10. Notices. All notices, requests, demands and other communications under this Agreement shall be in writing and shall be deemed to have been duly given (i) on the date of service if served personally on the party to whom notice is to be given; (ii) on the day of transmission if sent via electronic mail transmission to the electronic mail address given below (provided no rejection notice is received by the sender); (iii) on the day after delivery to Federal Express or similar overnight courier or the Express Mail service maintained by the United States Postal Service; or (iv) on the fifth (5th) day after mailing, if mailed to the party to whom notice is to be given, by first class mail, registered or certified, postage prepaid and properly addressed, to the party as follows:
If to Pubco:
Forge Nano, Inc.
▇▇▇▇▇ ▇▇▇▇▇ ▇▇. #▇▇▇
Thornton, CO 80241
Attn: ▇▇▇▇ ▇▇▇▇▇▇, CEO
E-mail: [*********]
with a copy to:
▇▇▇▇, ▇▇▇▇▇, ▇▇▇▇▇▇▇, ▇▇▇▇▇▇▇ & ▇▇▇▇▇▇▇▇ LLP
▇▇▇▇ ▇▇▇▇▇▇ ▇▇ ▇▇▇ ▇▇▇▇▇▇▇▇
New York, New York 10019-6064
Attn: ▇▇▇▇▇▇▇▇ ▇. ▇▇▇▇▇▇▇▇▇
E-mail: [*********]
If to the Subject Party:
To the address set forth on the signature page attached hereto.

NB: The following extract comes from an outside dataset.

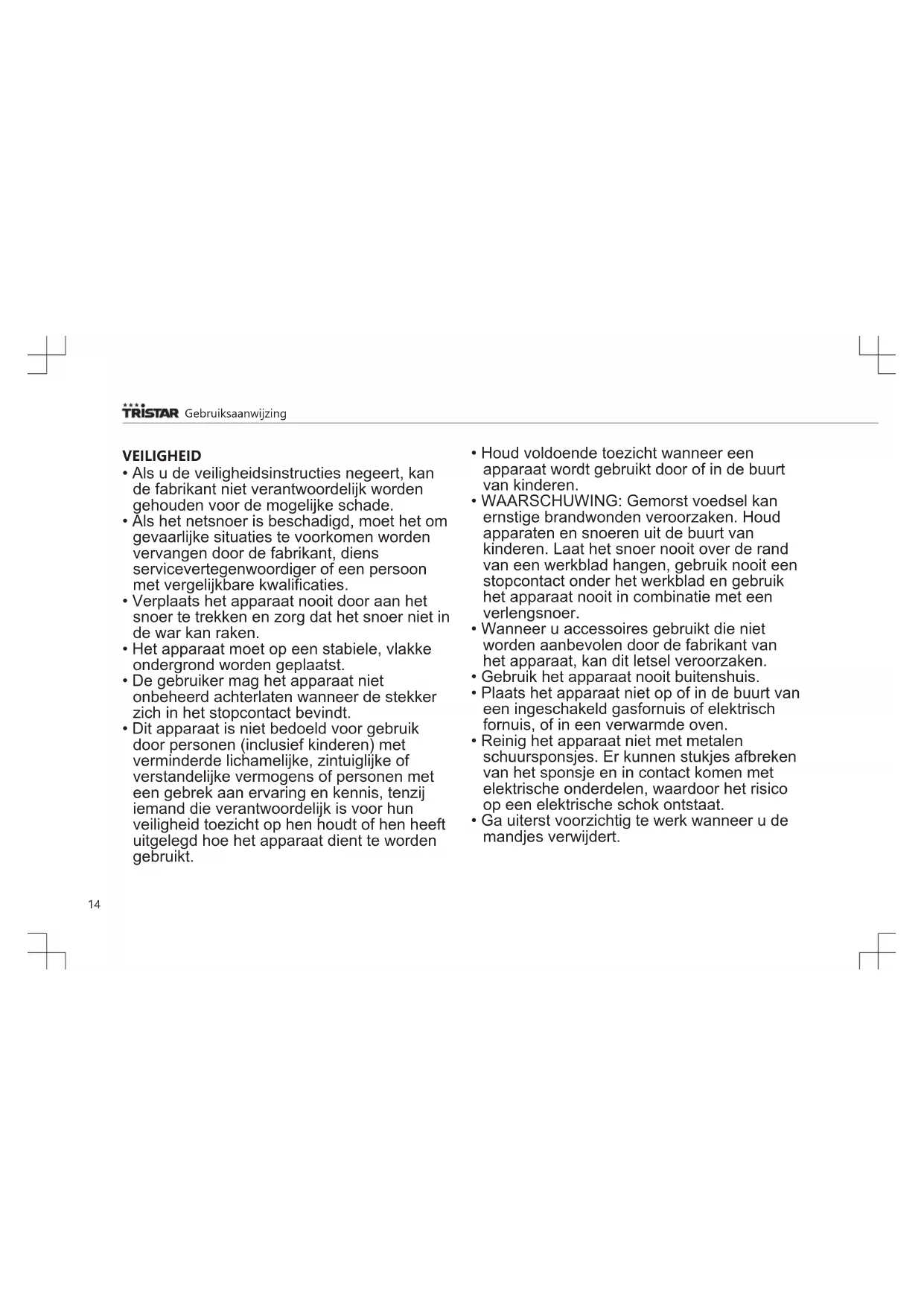 Het apparaat mag niet worden weggegooid met het huisvuil na beëindiging van de nuttige levensduur, maar moet worden ingeleverd op een centraal punt voor de recycling van elektrische en elektrische huishoudelijke apparaten. Dit symbool op het apparaat, in de instructiehandleiding en op de verpakking vestigt de aandacht op dit belangrijke punt. De materialen die in dit apparaat zijn gebruikt kunnen worden gerecycled. Door gebruikte huishoudelijke apparaten te recyclen, draagt u in belangrijke mate bij aan de bescherming van ons milieu. Vraag uw plaatselijke autoriteiten om inlichtingen over het inzamelpunt. Support U kunt alle beschikbare informatie en reserveonderdelen vinden op service.tristar.eu! NLManuel d'instructions

Any party may change its address for the purpose of this Section 10 by giving the other parties written notice of its new address in the manner set forth above.
11. Miscellaneous.
(a) Captions. The captions in this Agreement are for convenience only and shall not be considered a part of or affect the construction or interpretation of any provision of this Agreement.

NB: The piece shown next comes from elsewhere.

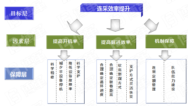 以O(shè)EE指標(biāo)為引導(dǎo),制定了關(guān)鍵路徑法,以提高開(kāi)機(jī)率和性能開(kāi)動(dòng)率為兩條主線,提高設(shè)備綜合利用效率,從而提高綜采產(chǎn)能。

(b) Severability. If any term or other provision of this Agreement is invalid, illegal, or incapable of being enforced as a result of any Applicable Law or public policy, all other terms or provisions of this Agreement shall nevertheless remain in full force and effect so long as the economic or legal substance of the transactions contemplated hereby is not affected in any manner material to any party. Upon such determination that any term or other provision is invalid, illegal, or incapable of being enforced, the parties hereto shall negotiate in good faith to modify this Agreement so as to effect the original intent of the parties as closely as possible.

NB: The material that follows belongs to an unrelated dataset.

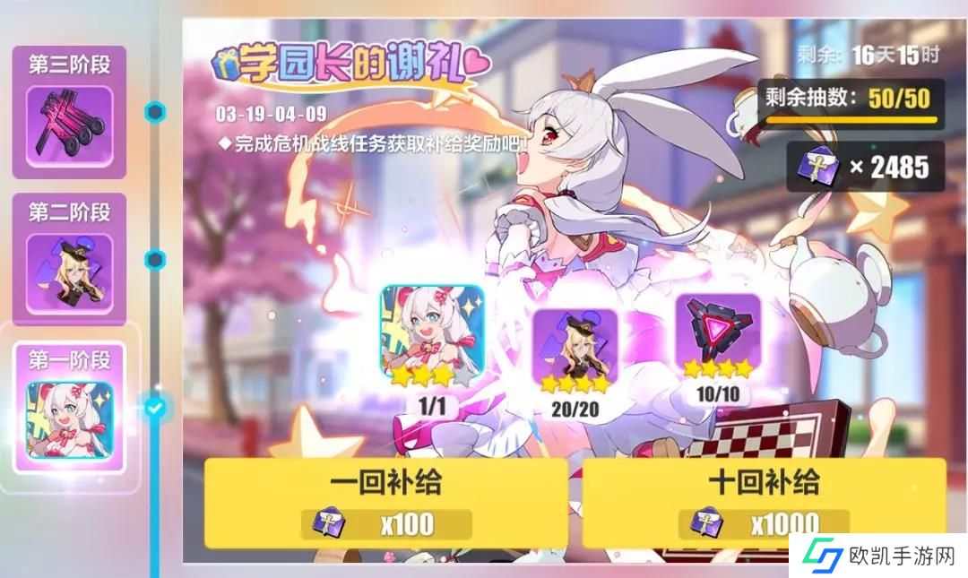 「学园长的谢礼」补给活动共有四个阶段,第四阶段为隐藏阶段,将在前三阶段兑换完后出现。每个阶段都可以兑换补给50次,可获得3★圣痕「德丽莎·生日(下)」、「女武神·荣光」碎片、逆熵·虚数核心等奖励。

(c) Entire Agreement; Amendments and Waivers. This Agreement represents the entire understanding and agreement among the parties hereto with respect to the subject matter hereof and, except as explicitly set forth herein, supersedes all prior and contemporaneous representations, warranties, understandings and agreements, both written and oral, with respect to such subject matter. This Agreement can be amended, supplemented or changed, and any provision hereof can be waived, only by written instrument making specific reference to this Agreement signed by the party against whom enforcement of any such amendment, supplement, modification or waiver is sought. The waiver by any party hereto of a breach of any provision of this Agreement shall not operate or be construed as a further or continuing waiver of such breach or as a waiver of any other or subsequent breach. No failure on the part of any party to exercise, and no delay in exercising, any right, power or remedy hereunder shall operate as a waiver thereof, nor shall any single or partial exercise of such right, power or remedy by such party preclude any other or further exercise thereof or the exercise of any other right, power or remedy. Except as otherwise expressly provided herein, remedies hereunder are cumulative and are not exclusive of any other remedies provided by Applicable Law.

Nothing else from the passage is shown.